Record extracts |

===============

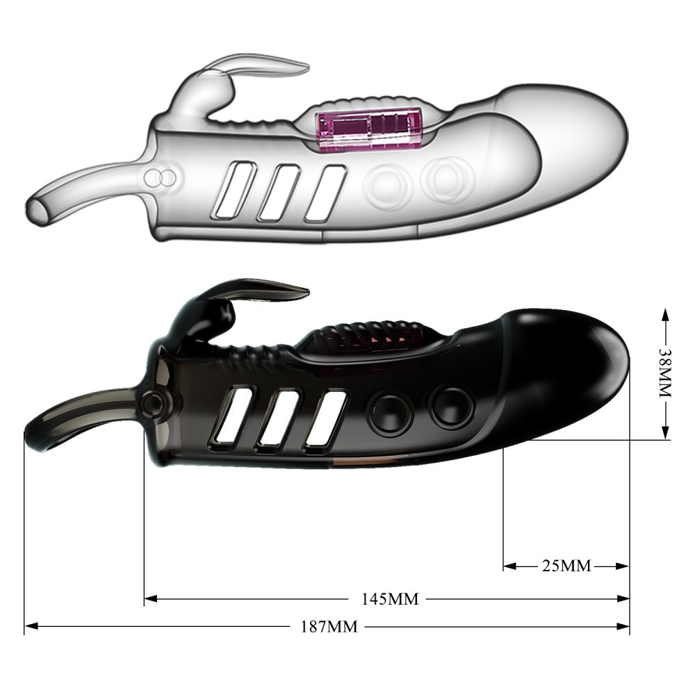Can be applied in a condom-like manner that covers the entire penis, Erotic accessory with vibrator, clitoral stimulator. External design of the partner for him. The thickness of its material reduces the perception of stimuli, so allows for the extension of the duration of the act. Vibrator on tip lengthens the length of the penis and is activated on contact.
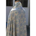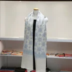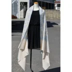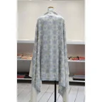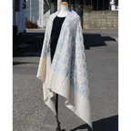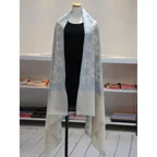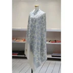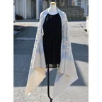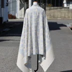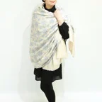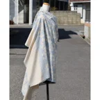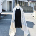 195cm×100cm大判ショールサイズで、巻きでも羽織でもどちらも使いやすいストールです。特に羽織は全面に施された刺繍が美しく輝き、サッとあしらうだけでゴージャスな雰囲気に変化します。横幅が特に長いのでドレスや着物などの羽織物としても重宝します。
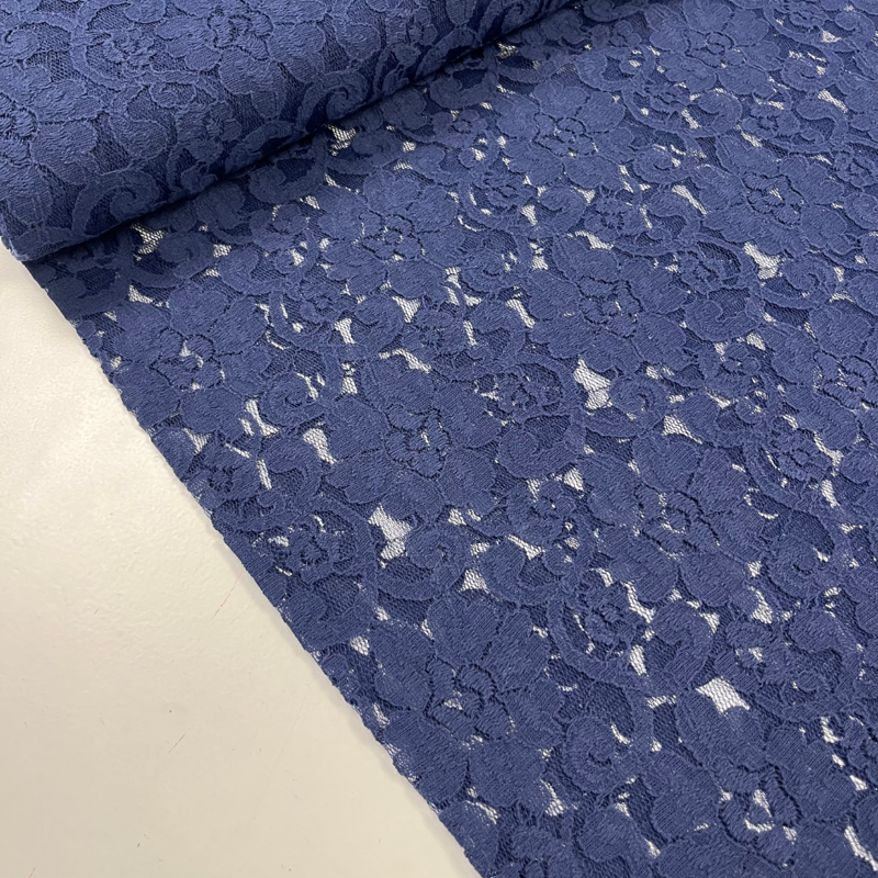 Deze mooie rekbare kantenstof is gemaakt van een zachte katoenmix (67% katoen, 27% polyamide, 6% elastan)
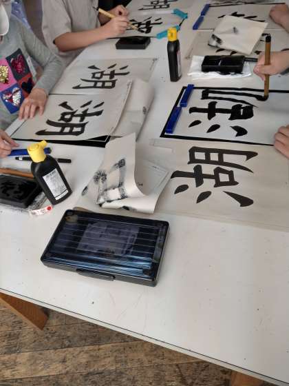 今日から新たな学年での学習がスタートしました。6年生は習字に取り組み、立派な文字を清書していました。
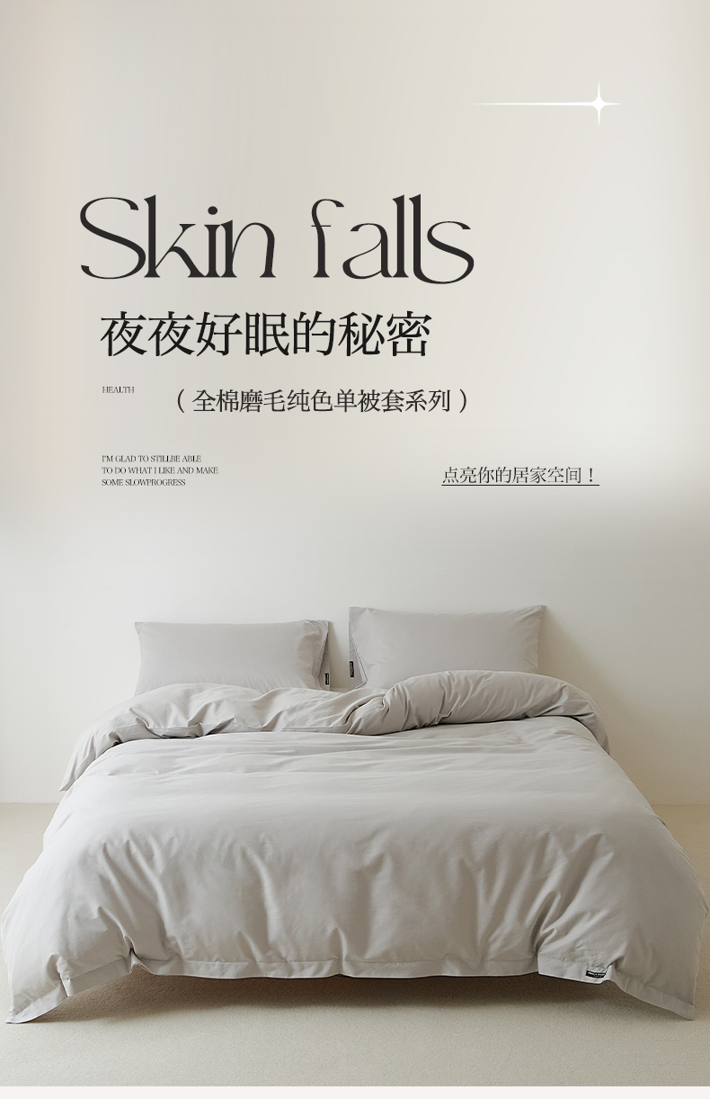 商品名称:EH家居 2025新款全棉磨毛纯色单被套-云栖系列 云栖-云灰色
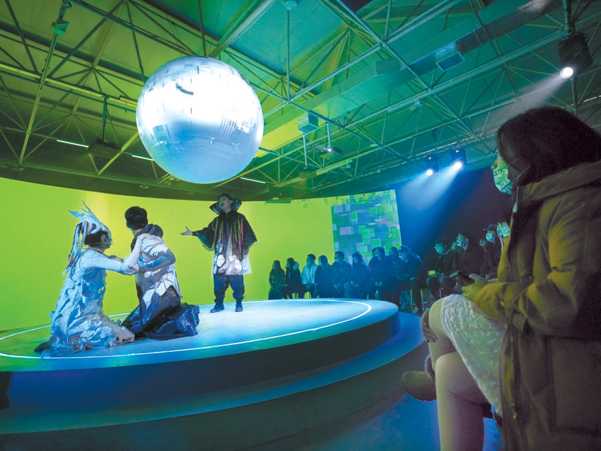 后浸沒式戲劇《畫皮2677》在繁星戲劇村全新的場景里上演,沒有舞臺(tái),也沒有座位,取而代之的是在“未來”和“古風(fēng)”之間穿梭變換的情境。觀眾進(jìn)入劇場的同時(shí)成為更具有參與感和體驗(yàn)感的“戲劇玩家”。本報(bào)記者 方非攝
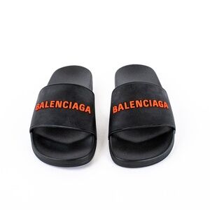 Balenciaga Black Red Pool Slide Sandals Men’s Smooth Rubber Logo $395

===============

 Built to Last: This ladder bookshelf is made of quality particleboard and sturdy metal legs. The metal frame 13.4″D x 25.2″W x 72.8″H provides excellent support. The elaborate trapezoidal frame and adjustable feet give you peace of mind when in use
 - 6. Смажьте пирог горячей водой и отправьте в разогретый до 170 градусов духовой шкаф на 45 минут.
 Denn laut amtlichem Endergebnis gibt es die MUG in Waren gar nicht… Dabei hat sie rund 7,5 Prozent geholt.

===============

Required work |
Starting at the line containing "195cm×100cm大判シ" and stopping at the line containing "Balenciaga Black Red", output every line above exactly, both ends included, with pictures omitted.

Your response |
 195cm×100cm大判ショールサイズで、巻きでも羽織でもどちらも使いやすいストールです。特に羽織は全面に施された刺繍が美しく輝き、サッとあしらうだけでゴージャスな雰囲気に変化します。横幅が特に長いのでドレスや着物などの羽織物としても重宝します。
 Deze mooie rekbare kantenstof is gemaakt van een zachte katoenmix (67% katoen, 27% polyamide, 6% elastan)
 今日から新たな学年での学習がスタートしました。6年生は習字に取り組み、立派な文字を清書していました。
 商品名称:EH家居 2025新款全棉磨毛纯色单被套-云栖系列 云栖-云灰色
 后浸沒式戲劇《畫皮2677》在繁星戲劇村全新的場景里上演,沒有舞臺(tái),也沒有座位,取而代之的是在“未來”和“古風(fēng)”之間穿梭變換的情境。觀眾進(jìn)入劇場的同時(shí)成為更具有參與感和體驗(yàn)感的“戲劇玩家”。本報(bào)記者 方非攝
 Balenciaga Black Red Pool Slide Sandals Men’s Smooth Rubber Logo $395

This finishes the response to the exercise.